Florida Scrub-jay – Finally!

You might remember this post from the end of January where I described a visit to Scrub Ridge Trail in the Merritt Island National Wildlife Refuge to try to observe the Florida Scrub-jay.  We didn’t see any of them on that trip.  Two weeks ago, several members of the Photography Interest Group returned and were able to locate one, but I couldn’t go.

This species is Florida’s only endemic bird and the only one that resides permanently in scrub habitat.  Development has reduced the amount of scrub land still available.  As a result, the Scrub-jay is listed as a threatened species.   Despite conservation efforts, it’s still in decline, with perhaps less than 3000 breeding pairs left in the wild.

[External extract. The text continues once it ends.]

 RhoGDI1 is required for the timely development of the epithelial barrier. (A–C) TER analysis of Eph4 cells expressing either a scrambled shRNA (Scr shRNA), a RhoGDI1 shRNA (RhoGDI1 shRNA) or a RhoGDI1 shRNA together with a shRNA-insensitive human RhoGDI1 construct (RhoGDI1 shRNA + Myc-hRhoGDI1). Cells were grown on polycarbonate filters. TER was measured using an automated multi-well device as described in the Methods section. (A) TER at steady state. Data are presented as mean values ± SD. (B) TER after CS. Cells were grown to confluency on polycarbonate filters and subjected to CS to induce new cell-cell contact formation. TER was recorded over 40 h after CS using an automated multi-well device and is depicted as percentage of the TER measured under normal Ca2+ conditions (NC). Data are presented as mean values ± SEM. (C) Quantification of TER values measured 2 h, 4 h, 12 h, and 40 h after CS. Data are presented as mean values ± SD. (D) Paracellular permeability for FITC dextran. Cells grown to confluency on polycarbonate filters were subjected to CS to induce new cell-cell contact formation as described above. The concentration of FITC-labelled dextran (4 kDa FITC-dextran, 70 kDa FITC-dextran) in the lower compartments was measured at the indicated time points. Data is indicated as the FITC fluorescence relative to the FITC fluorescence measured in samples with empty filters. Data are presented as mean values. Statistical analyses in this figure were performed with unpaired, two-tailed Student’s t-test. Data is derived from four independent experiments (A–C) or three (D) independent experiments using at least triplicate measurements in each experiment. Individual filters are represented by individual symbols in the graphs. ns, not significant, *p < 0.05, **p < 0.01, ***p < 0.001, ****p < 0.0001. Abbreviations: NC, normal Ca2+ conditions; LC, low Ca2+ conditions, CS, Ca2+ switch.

Each breeding pair needs 20 to 40 acres to forage and Scrub-jays have developed some interesting adaptive behaviors due to their restricted habitat.  A pair mates for life, and they maintain small family groups that help defend territory and raise young.  The younger members of the brood can postpone breeding for several years to help feed babies, keep nests clean, and watch for predators.  They’re omnivores and forage on the ground and in mid to low-level vegetation for food.

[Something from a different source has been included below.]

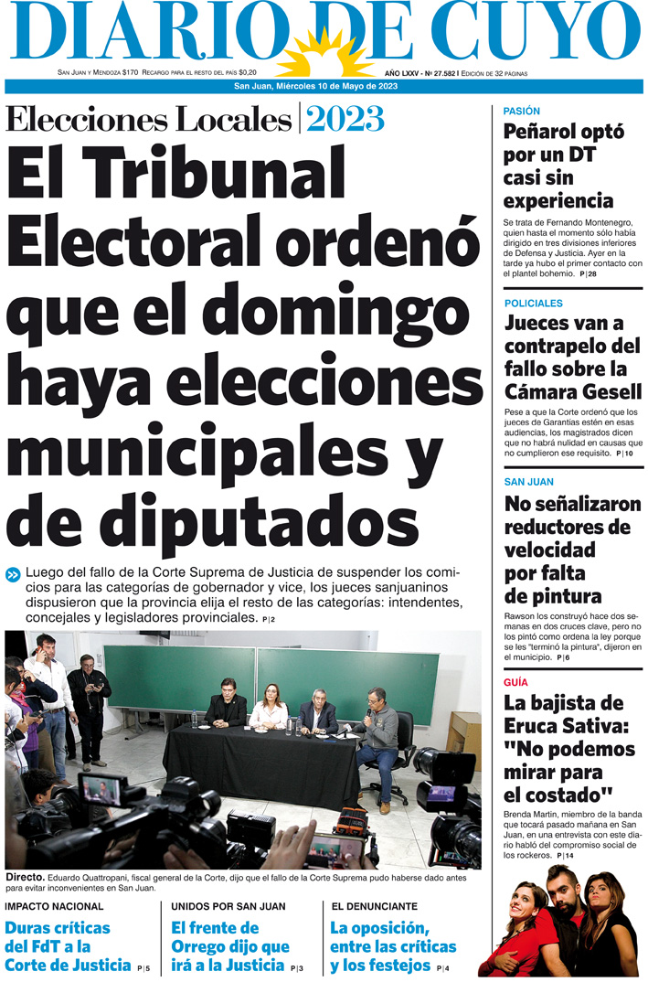 Diario de Cuyo | HOME | Noticias Tapa Edición 10 de Mayo del 2023 Por Redacción Diario de Cuyo 09/05/2023 · 0:00 Escuchar la noticia Escuchar la noticia Your browser doesn’t support HTML5 audio Ver los comentarios ›

Anyway, I returned to Scrub Ridge Trail last Saturday.  Kevin M. told me that the Scrub-jay they saw was to the left of the parking area.  This fits in with another fact about them:  They prefer relatively clear scrub and will leave an area after it’s grown up too much.  The official Scrub Ridge Trail is to the right of the parking area and is quite a bit more over-grown than the area on the left.  I wonder if the Scrub-jays used to live to the right  when the trail was originally set out and have moved on since.  I did see 5 or 6 Scrub-jays in the less overgrown area to the left, both on the ground and higher up.  This one was in a tree, keeping watch on me.  Maybe one of the non-breeding members of the family?

The elusive Florida Scrub Jay
The elusive Florida Scrub Jay

I also visited Black Point Wildlife Drive where there were some very pretty Spoonbills, and on the way back, I stopped on the causeway just before getting on the new bridge.  There was a group of Black Skimmers on a small sand bar just off shore and I had fun getting a few photos of them in flight – the first time I’ve photographed this species too.

A pair of Black Skimmers in flight
A pair of Black Skimmers in flight

I really enjoyed the trip.

Thanks for stopping by and reading my blog – now go make some photos!